Era mi superior en la escuela.

No era mentira, pero cuando se atrevió a mirar hacia arriba, la oscura e inquebrantable mirada de Daniel seguía fija en ella, ilegible.

Su garganta se secó mientras tragaba con dificultad.

«¿Me creyó o no?», se preguntó Anna, con el corazón inquieto.

Pero entonces la mano de Daniel se movió, rozando ligeramente su rostro mientras colocaba un mechón suelto de cabello detrás de su oreja.

El simple toque hizo que sus mejillas se sonrojaran, su pecho tensándose de formas que no podía explicar.

—Háblame de ti —dijo repentinamente, su voz firme, su mirada inquebrantable—.

¿Cómo eras de niña?

La pregunta tomó a Anna por sorpresa.

Por un momento, solo pudo mirarlo, aturdida por la gentileza detrás de las palabras.

No había burla, ni filo oculto—solo sinceridad.
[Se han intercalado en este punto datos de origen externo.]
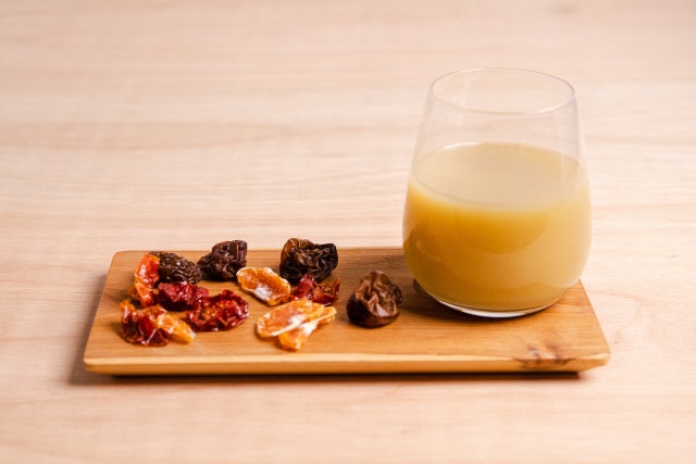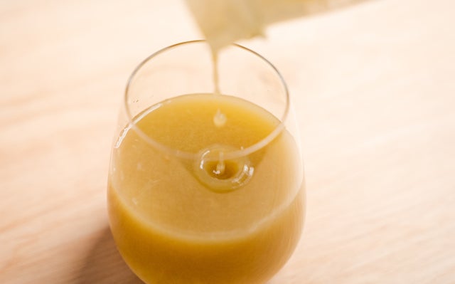 そこで、ちょうど良い塩梅で加熱し、「ギリギリのライン」を責めて剥き、果肉を丸ごとジュースにしています。

Y eso era exactamente por lo que se sentía cautelosa.

Su infancia no era algo que le gustara recordar.

No había historias entrañables para compartir, ni calidez de la cual rescatar.

Solo sombras.

¿Qué podía decir—que siempre había sido considerada de segunda categoría?

¿Que a pesar de la riqueza de su padre, él nunca la había protegido del ridículo, los susurros o el interminable acoso?

¿Que sus padres habían estado tan ciegos a su dolor que ni siquiera notaron cómo la ansiedad la había carcomido durante años—hasta que finalmente la casaron con Daniel, como si deshacerse de ella fuera más fácil que enfrentarla?

Sus labios se separaron, y luego se cerraron de nuevo.

Las palabras ardían en su garganta, pero su corazón retrocedía ante la idea de dejarlas salir.